Information provided:
________________________

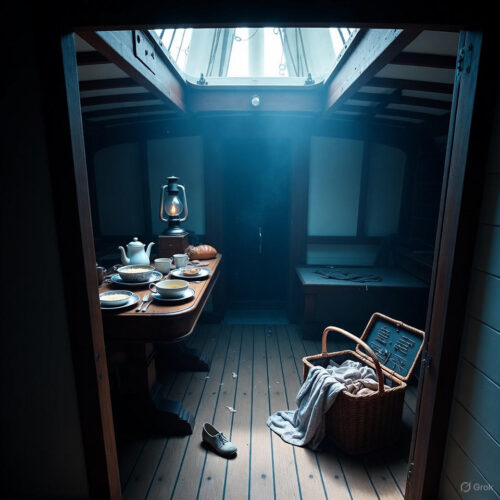 The *Mary Celeste* wallowed beam-to, sails luffing lazily, as if napping on the swells. No tattered rigging, no splintered masts—just an eerie tidiness. Hatches uncovered but decks dry; the galley stove cold, breakfast dishes stacked neatly—oatmeal bowls licked clean, a child’s tin cup upright. In the captain’s cabin, Sarah’s sewing basket open, a half-stitched frock for Sophia draped over a chair; Briggs’s pipe, tobacco pouch intact, beside his Bible at Psalms 50: “He that offereth the sacrifice of thanksgiving… shall glorify me.” The slate log, last entry November 25, smeared but legible. Belowdecks, nine barrels stove in, alcohol puddled but not aflame; the yawl missing from its davits, sea-lashed lines trailing like umbilical cords.
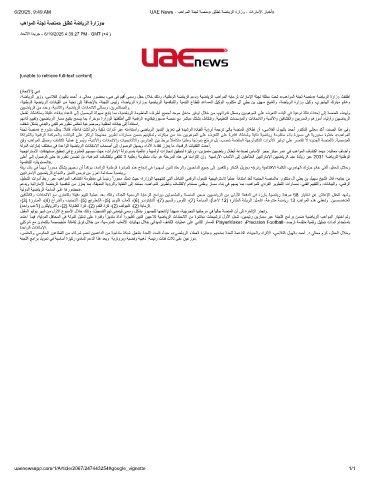 6/20/25, 9:49 AM UAE News - بھاوﻣﻟا ﺔﻧﺟﻟ ﺔﺻﻧﻣ» ﻖﻠطﺗ ﺔﺿﺎﯾرﻟا ةرازو - تارﺎﻣﻹا رﺎﺑﺧأ»
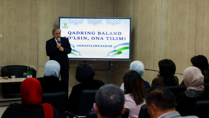 ✨ Tadbirda o‘zbek tilining tarixiy ildizlari, milliy o‘zligimizni ifoda etuvchi bebaho qadriyat sifatidagi o‘rni va ahamiyati haqida so‘z yuritildi. Shuningdek, davlat tilining jamiyat hayotidagi o‘rni, uni rivojlantirish va yoshlar ongida milliy g‘urur timsoli sifatida mustahkamlash yo‘lidagi sa’y-harakatlar haqida fikrlar bildirildi.
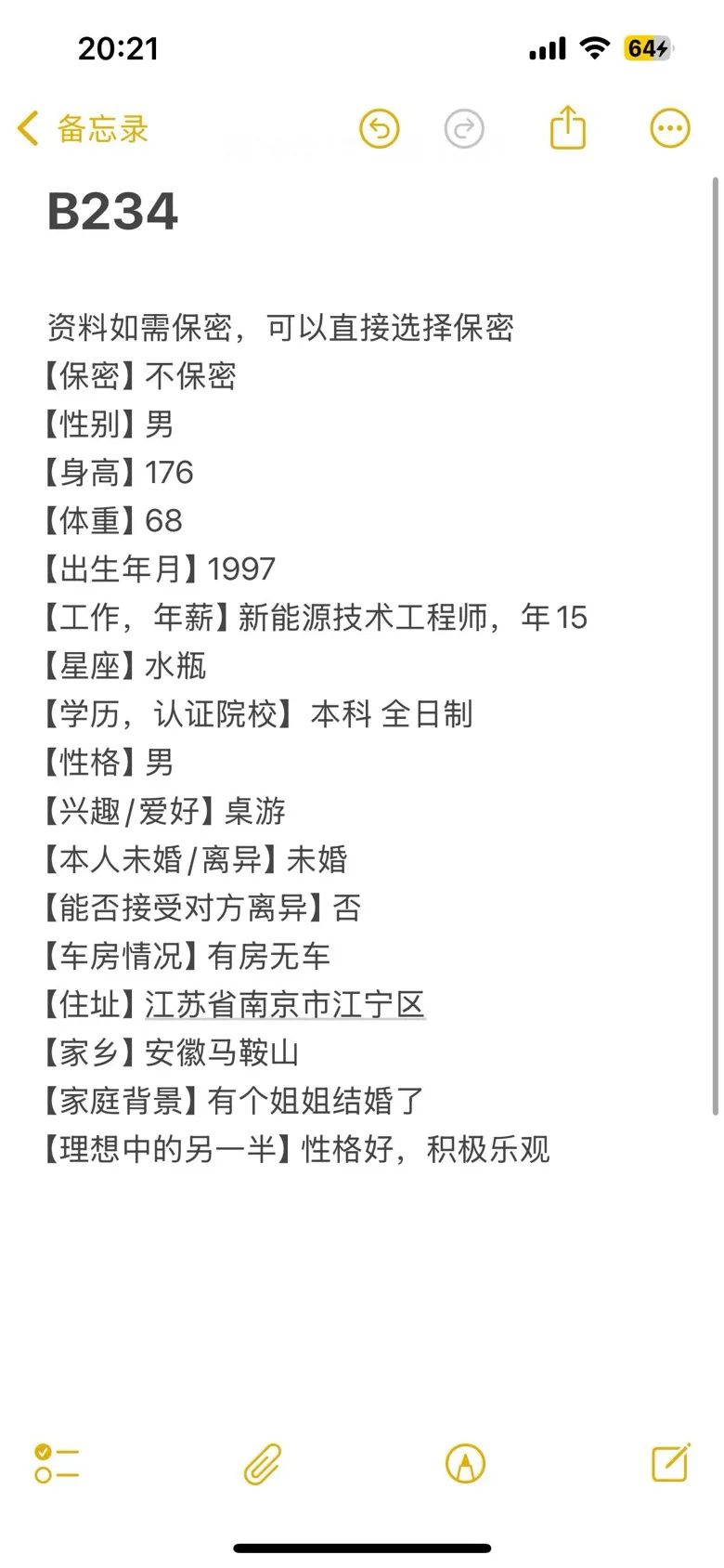 南京脱单|97年,男,身高176,本科学历,新能源技术工程师,马鞍山人在,目前在江宁区

________________________

Exercise aim: Reproduce the final stretch of lines exactly: the line containing "6/20/25, 9:49 AM" through the last line of the data, both included. Pictures do not belong in the copy.

Solution below:
 6/20/25, 9:49 AM UAE News - بھاوﻣﻟا ﺔﻧﺟﻟ ﺔﺻﻧﻣ» ﻖﻠطﺗ ﺔﺿﺎﯾرﻟا ةرازو - تارﺎﻣﻹا رﺎﺑﺧأ»
 ✨ Tadbirda o‘zbek tilining tarixiy ildizlari, milliy o‘zligimizni ifoda etuvchi bebaho qadriyat sifatidagi o‘rni va ahamiyati haqida so‘z yuritildi. Shuningdek, davlat tilining jamiyat hayotidagi o‘rni, uni rivojlantirish va yoshlar ongida milliy g‘urur timsoli sifatida mustahkamlash yo‘lidagi sa’y-harakatlar haqida fikrlar bildirildi.
 南京脱单|97年,男,身高176,本科学历,新能源技术工程师,马鞍山人在,目前在江宁区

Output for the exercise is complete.